I had limited experience with other cats, since my dad had been extremely allergic, and so as far as I knew, Eddie was the only one, but that seemed unlikely.
Julia tidied some books that had been jostled by a big bookmobile thump into an unavoidable pothole. “Where have you been lately, Leon? We haven’t seen you in a few weeks.”
Leon was an intermittent regular, if you could say that without spontaneously combusting from the sheer absurdity of the phrase. When he was home, he visited the bookmobile every time we showed up, but he and his nonreading wife traveled frequently. A couple of years ago they’d retired Up North from downstate attorney jobs, and Leon quoted his wife as saying that she didn’t care if she read another word again the rest of her life.
I didn’t understand that attitude at all—surely she didn’t mean fiction, did she?—but it clearly existed, and if Leon couldn’t shift his wife to be a reader after forty years of marriage, odds weren’t good that the bookmobile’s presence could do it, either.
“Hawaii,” he said. “Just got back yesterday. And I’m not sure it was a good idea. Nice to not be cold and to get some sun, but now . . .” He glanced outside and shook his head. “Now it seems like winter is going to last forever.”
“How long were you gone?” Julia asked.
“A month, almost exactly.” Leon went on to describe the Airbnb they had rented on the ocean. He was waxing lyrical about the scents of the blooming flowers, and when he took a breath, I interrupted him.
“Did you hear about Rowan Bennethum? She doesn’t live that far from you, right?” If my math was correct, Leon and his wife had left town the day before Rowan had been killed, and this was the stop both Rowan and Leon usually visited, so their houses couldn’t be too far apart.
The lines in Leon’s face, which were already deep with age, went even deeper. “Yes,” he said heavily. “I did. Out here someone who lives a mile away is a neighbor, especially if they’re full-time folks. Is it true she was poisoned?” At our nods, he sighed. “Such a cowardly way to kill. And delayed death can make finding the killer much more difficult. I don’t suppose they’ve arrested anyone?”
“Not yet.” I hesitated, then asked, “Did you happen to see anything out of the ordinary that last day before your trip?”
“Such as?”
“Anything,” I said. “The sheriff’s office is investigating, but if you were out of town and your driveway wasn’t plowed, they might have assumed you were gone for winter.”
“Hmm.” Leon put down the copy of Jonathan Franzen’s Freedom he’d been reading. “Well, let me think. Martha was packing our bags and I was taking care of everything else, so we were busy. I certainly didn’t hear anything because we’d put on Hawaiian luau music to get us in the mood. And I don’t recall seeing anything . . .” He got a faraway look.
“What?” I asked, my voice almost sharp. “You remember something.”

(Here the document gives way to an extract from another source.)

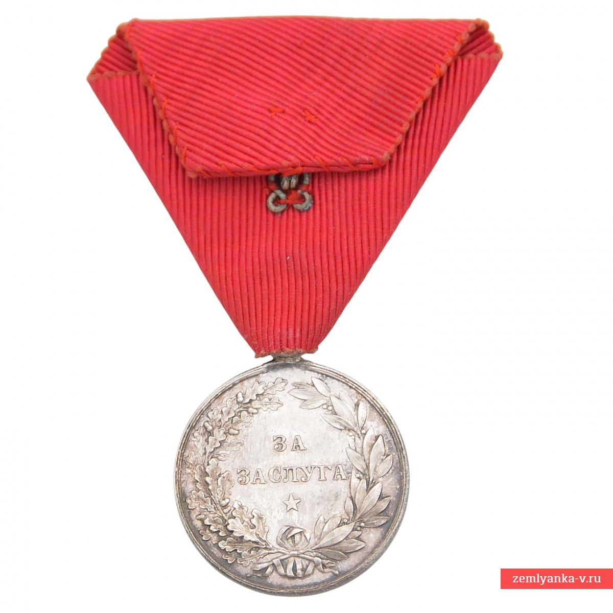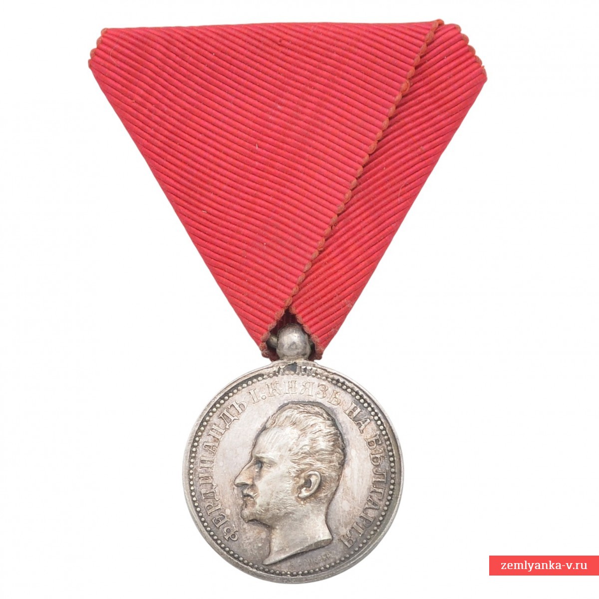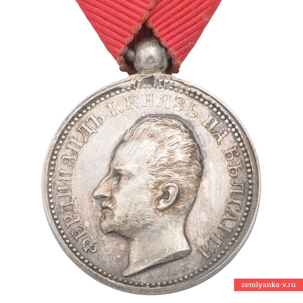 Silver, stamping. The medal was established in 1881 and was awarded for outstanding services to the Bulgarian nation and the crown. Obverse (obverse side): The profile of the reigning monarch Ferdinand I is depicted, with an inscription in Bulgarian around the circumference: "FERDINAND I PRINCE OF Bulgaria" ("Ferdinand I Prince of Bulgaria"). Reverse (reverse side): in the center is the inscription "For Merit" (bolg.) in two lines, surrounded by a wreath of oak and laurel leaves tied with a ribbon, and a five-pointed star at the bottom (this side is not visible in the image, but is standard for the medal). The reward is on the original shoe. Initially, the medal was awarded on a crimson ribbon, but later the use of the ribbon of the Order of Bravery (red) for services during the war and on the battlefield was approved. Excellent condition. Guarantee of authenticity.

“A car,” he said slowly. “We get so few cars down our road, and in winter we almost always recognize the vehicles, even in the dark. Speed, height, you’d be surprised how little it takes to pinpoint a familiar vehicle.”

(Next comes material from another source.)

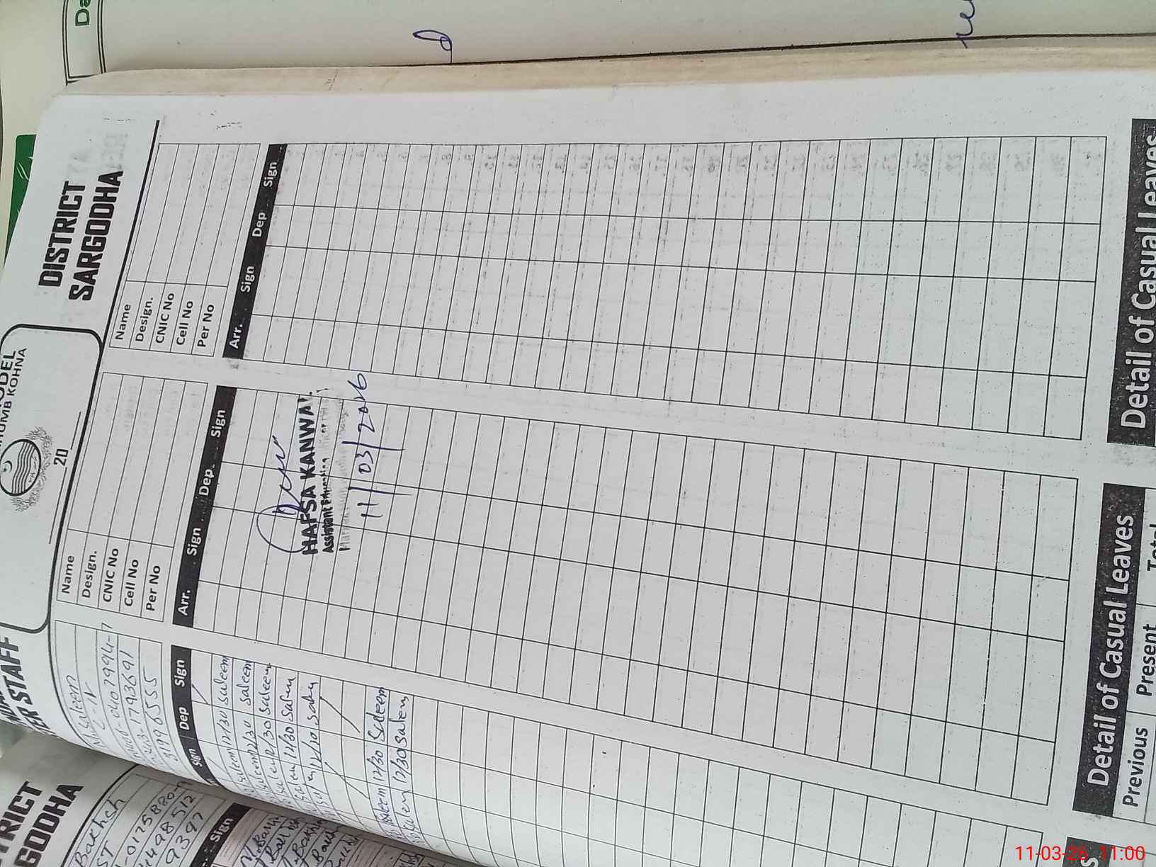 | CNIC | Full Name | Designation | R/C | Absence during last cal. month |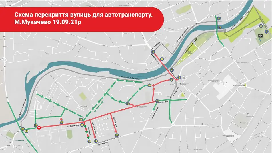 З 9:15 до 12:00 для транспортного засобу будуть перекриті наступні вулиці: Ілони Зріні, Толстого, Ромжі, Молодіжну, Беляєва та Ужгородську.

“You saw something unfamiliar?”
He nodded. “An SUV. With only one headlight.”
• • •
The next morning, as I brushed fresh snow off the car, I waved at Eddie. He’d crowded himself onto a narrow living room windowsill and was giving me the evil eye through the glass.
“Sorry, pal,” I called. “It’s a library day, not a bookmobile day, and I have errands to run. See you tonight!”
I blew him a kiss—which he ignored—and got into the car, thinking about yesterday afternoon. After Leon had remembered the missing headlight, I’d immediately asked him to call Detective Hal Inwood and tell him about it. He’d protested, saying how could a missing headlight mean anything and telling Hal would only result in adding extra work for the already overworked sheriff’s office.